Raise the hoist slowly and check to be sure that as you lift, you are not caught on anything or left something connected. An assistant will be necessary to angle the lad for easier removal.

 

 

Separation of the manual transmission:

 

On the ground and supporting the trans with a jack, unbolt the trans from the engine block. Take note of what bolts go to what hole and which direction as there are 3 different sizes.

 

Pull the engine and transmission apart.

 

Separation of the automatic transmission:

 

There is a small plastic cover on the back of the block that reveals a 2” hole. Remove that cover.

 

Using a wrench on the crank pulley or pry bar on the ring gear, turn the flywheel until a nut comes into view thru the access hole. There are 4 nuts, remove them all. If you drop one into the housing, this is ok as you are going to be separating everything.

 

On the ground and supporting the trans with a jack, unbolt the trans from the engine block. Take note of what bolts go to what hole and which direction as there are 3 different sizes.

 

Pull the engine and transmission apart.

 

 

Reinstallation of the manual transmission:

 

If you are reusing the old flywheel, remove it by jamming the ring gear with the flywheel tool and taking out the 4 center bolts.
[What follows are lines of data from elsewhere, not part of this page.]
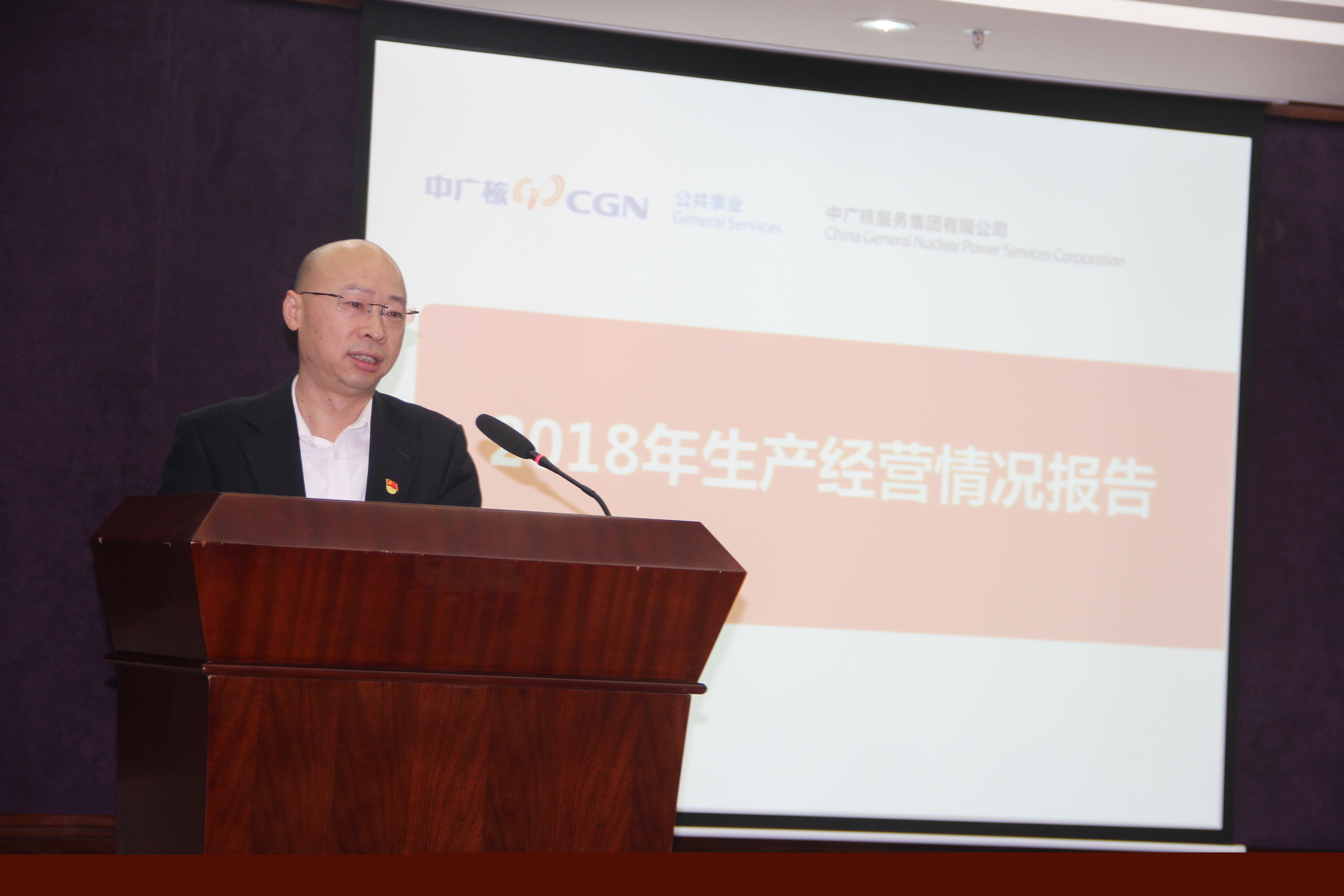 王楚亮代表經營班子向大會作《2018年生產經營情況報告》,匯報了中廣核服、中廣核環保2018年生產經營情況和2019年工作計劃。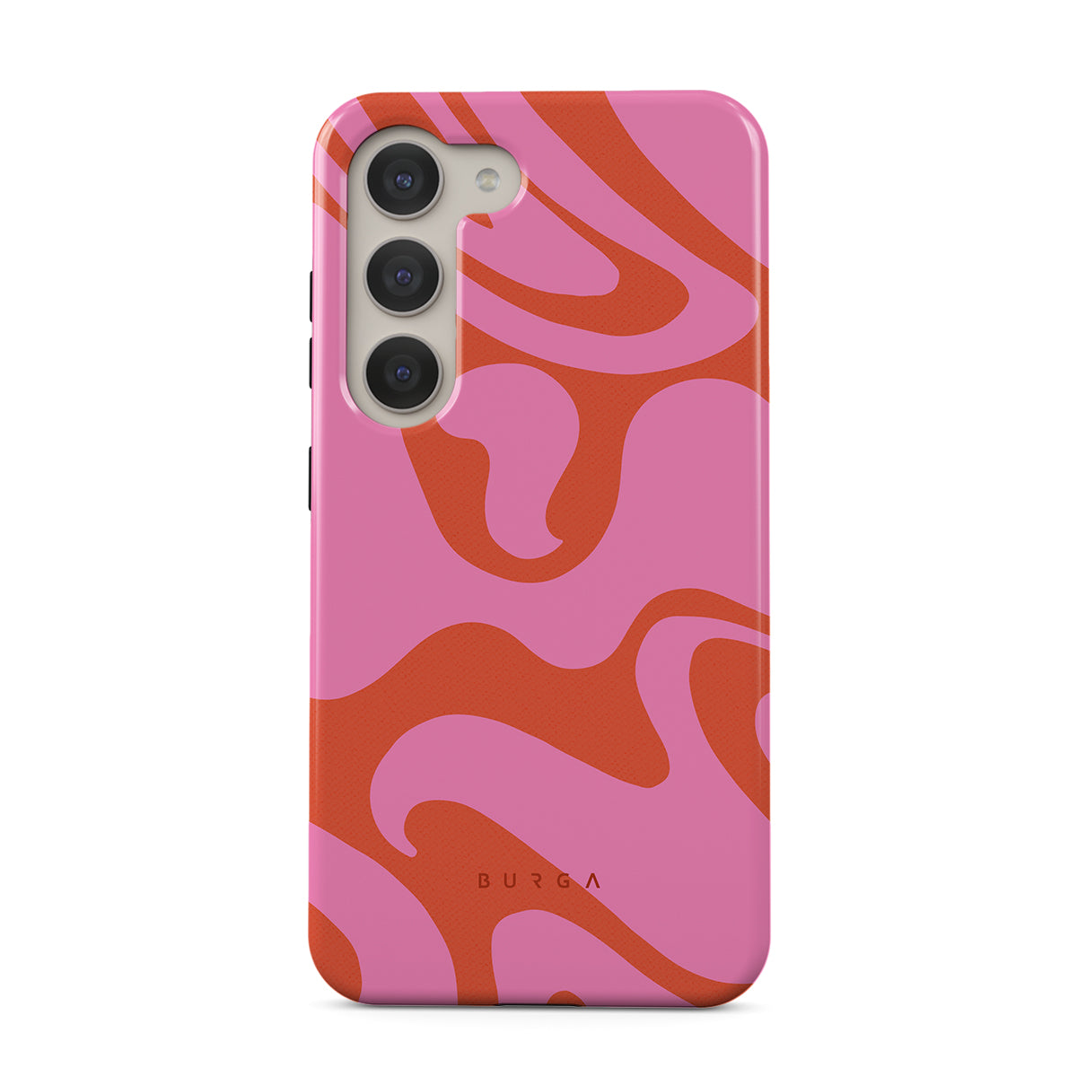 Bold and big take of a liquid swirl can be met in our Ride the Wave Samsung Galaxy S23 phone case. It will not only turn your device into a beautiful art piece but will also keep it safe and sound while encasing it in a design from a 70s art gallery!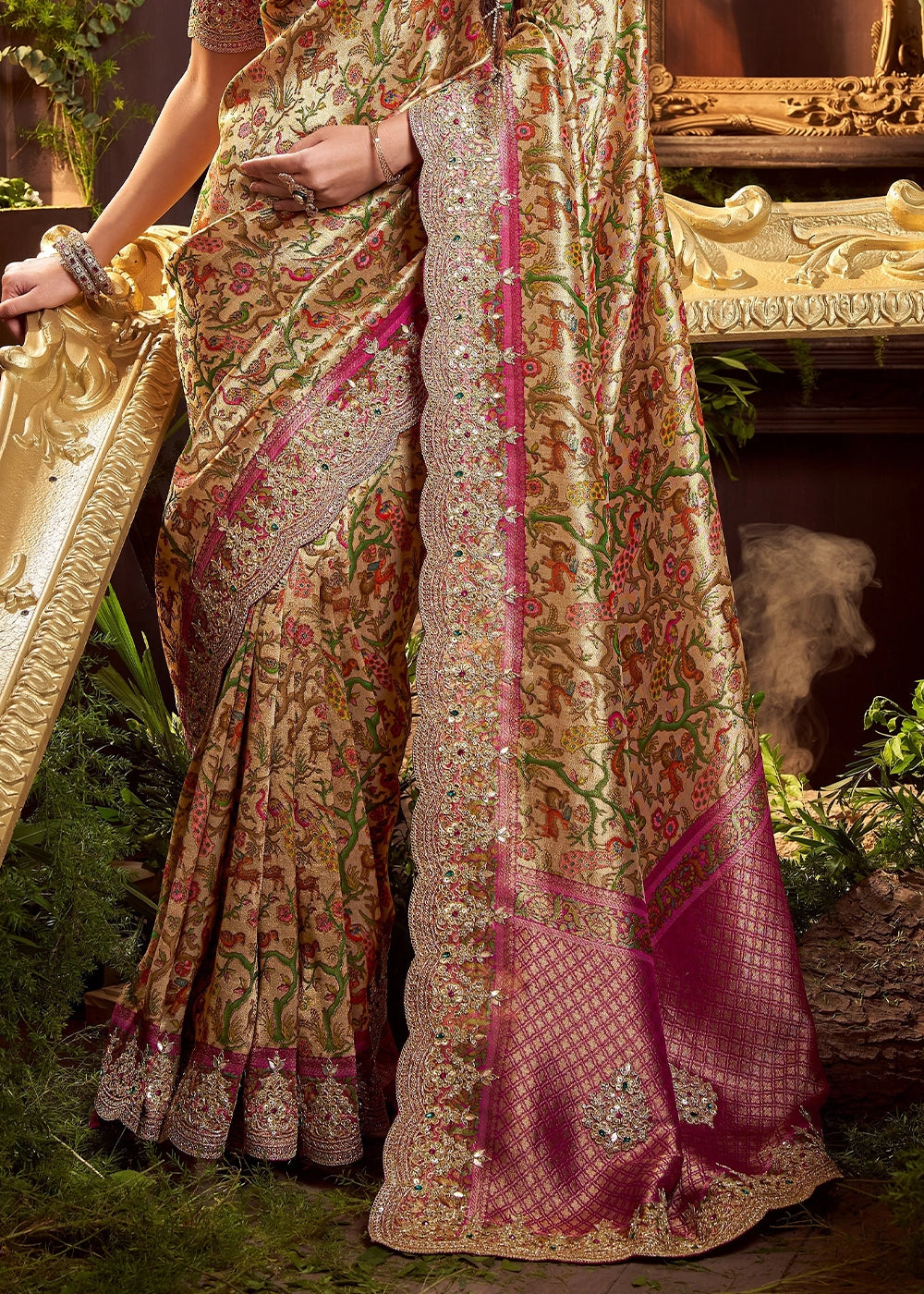 Cream & Pink Viscose Banarasi Silk Saree with Intricate Floral and Zari Work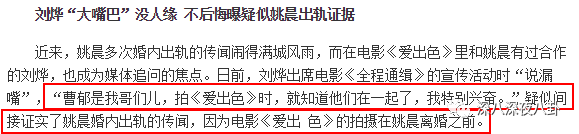 但是姚晨出轨这个事儿嘛,心直口快的刘烨在一次采访中都“说漏嘴”,坐实了姚晨出轨的传言↓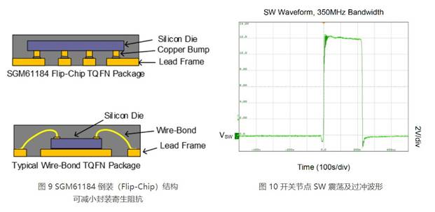 5. SGM61184 封裝采用倒裝結(jié)構(gòu)(Flip-Chip),能減小傳統(tǒng)打線(xiàn)方式(Wire Bonding)引入的寄生感抗,結(jié)合圣邦優(yōu)化的 MOSFET 驅(qū)動(dòng)技術(shù),有效減小了開(kāi)關(guān)節(jié)點(diǎn)的寄生震蕩,在減小內(nèi)部器件應(yīng)力的同時(shí),配合對(duì)稱(chēng)的 TQFN 封裝及 PCB 布局,能有效優(yōu)化器件的 EMI 特性。

You will need to have the flywheel resurfaced.

 

Without touching the friction plate of the clutch disc, place it in the pressure plate and put the assembly on the flywheel. Tighten the pressure plate to flywheel bolts just enough to hold everything in place.

 

Slide the clutch alignment tool thru the pilot bearing and into the center of the flywheel. The clutch is now lined up and you can tighten the pressure plate bolts to 21ft/lbs.

 

Remove the clutch alignment tool.

 

Reinstallation of the automatic transmission:

 

 

Be sure the torque converter is properly seated in the bell housing. If it has come loose or out, reinstall the converter by pushing it on the input shaft and turning it clockwise until you here a click. Turn and push again for a second click, turn and push again for a third click. It is now properly engaged.

 

Line up the bolts in the torque converter with the holes in the flexplate.

 

Bolt the transmission to the engine block and use the access hole to bolt the converter and flexplate together.

 

 

Reinstallation of powertrain:

 

Hey, if you labeled everything and you made it this far, you don’t need my help getting it back together. ;-)

 

 

Fluid bleeding procedures and clutch cable adjustment to follow in separate how-to’s.